The CGCM used in this study is the Pusan National University (PNU) CGCM v2.0 (hereafter, PNUv2.0), which is one of the models participating in the APCC MME long-range prediction system. A detailed CGCM description and the process of producing predictions are presented elsewhere (e.g., Kim and Ahn 2015; Sun and Ahn 2015; https://www.apcc21.org/ser/global/modelDescription.do?lang=en). The model data used are the hourly forecast datasets during boreal summer (June–August) of five EMs with the initial dates of 7, 9, 11, 13, and 15 of April (i.e., with a 1.5-month lead time). The five EMs may not be sufficient for seasonal prediction, but we expect that the number of EM will not have much effect on the conclusion of this study.

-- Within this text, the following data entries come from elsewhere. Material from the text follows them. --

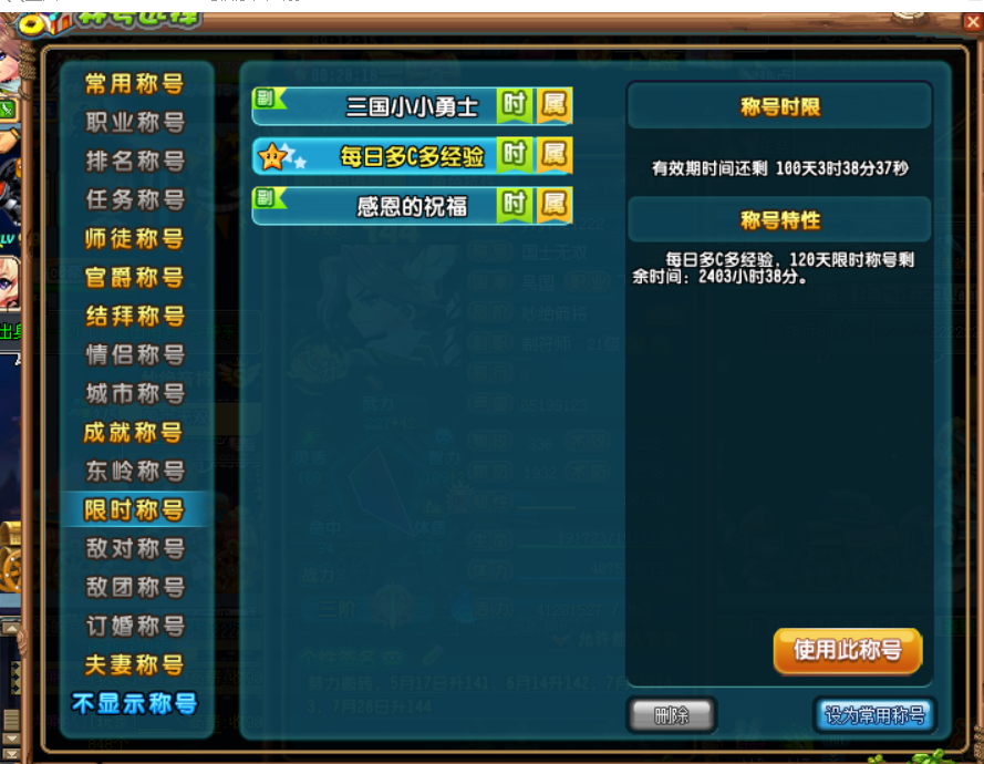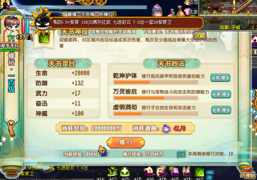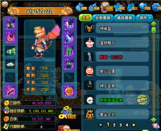 QQ三国SG8651吴国144级男游侠 智力42 智力2 韧性20 抗性50 50 49 天书一百级 VIP7
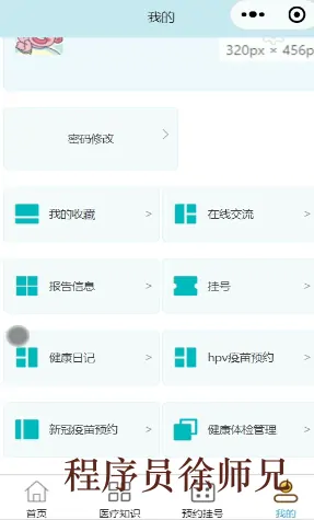 用户点击我的页面,在我的页面可以对我的收藏、在线交流、报告信息、挂号、健康日记、hpv疫苗预约、新冠疫苗预约、健康体检管理等信息,进行详细操作,如图4-3所示。
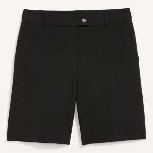 Mid-Rise Taylor Bermuda Shorts — 10-inch inseam: button-front waistband, belt loops, creased leg, zip fly, diagonal front pockets, back right welt pocket, #749153

2.3 Regional climate model and experimental design

The RCM used in this study is the Weather Research and Forecasting (WRF) model version 4.0. The model configuration consists of two-way interactive triple-nested domains with resolutions of 60 km (domain 1), 12 km (domain 2), and 2.4 km (domain 3) (with a 5:1 downscaling ratio) (Fig. 2). Only the output from domain 3 is used for analysis (Fig. 2b). The initial and lateral boundary conditions are updated every hour using the atmospheric and land variables from PNUv2.0, such as geopotential heights, horizontal wind components, temperatures, relative humidities, soil moistures, and soil temperatures (e.g., Hur and Ahn 2015; Ahn et al. 2018; Kim et al. 2019; Kim et al. 2021; Song et al. 2021). The model is integrated from 00 UTC on May 29 to 00 UTC on September 1 each year. The initial 3 days are the spin-up period to consider the dynamic adjustment of the lateral forcing and internal physical dynamics of the model (e.g., Ahn et al. 2012). The following are selected for the model physics schemes: WRF single-moment 6-class microphysics scheme (Hong and Lim 2006), Dudhia shortwave radiation scheme (Dudhia 1989), rapid radiative transfer model longwave radiation scheme (Mlawer et al. 1997), revised Monin-Obukhov surface-layer scheme (Jiménez et al. 2012), unified Noah land-surface model scheme (Chen and Dudhia 2001), Yonsei University planetary boundary layer scheme (Hong et al. 2006), and Kain-Fritsch convection scheme (Kain, 2004). The convective scheme is not used in domain 3 because the resolution in this domain is at a convection-permitting scale. In South Korean studies, Seo and Ahn (2020) reported that a convection-permitting WRF experiment (i.e., an experiment in which the cumulus parameterization scheme is turned off) simulated more similar distributions of the mean and extreme summer precipitation to the observed one than the other experiment (i.e., the experiments in which the cumulus parameterization scheme is turned on). Table 1 lists the detailed WRF configuration.

Fig. 2
figure 2

Topography heights (unit: m) for the a domain 1 and b domain 3. The inner boxes in a indicate the nested domains (domains 2 and 3). The dots in b represent the location of in situ weather observational stations (72 stations)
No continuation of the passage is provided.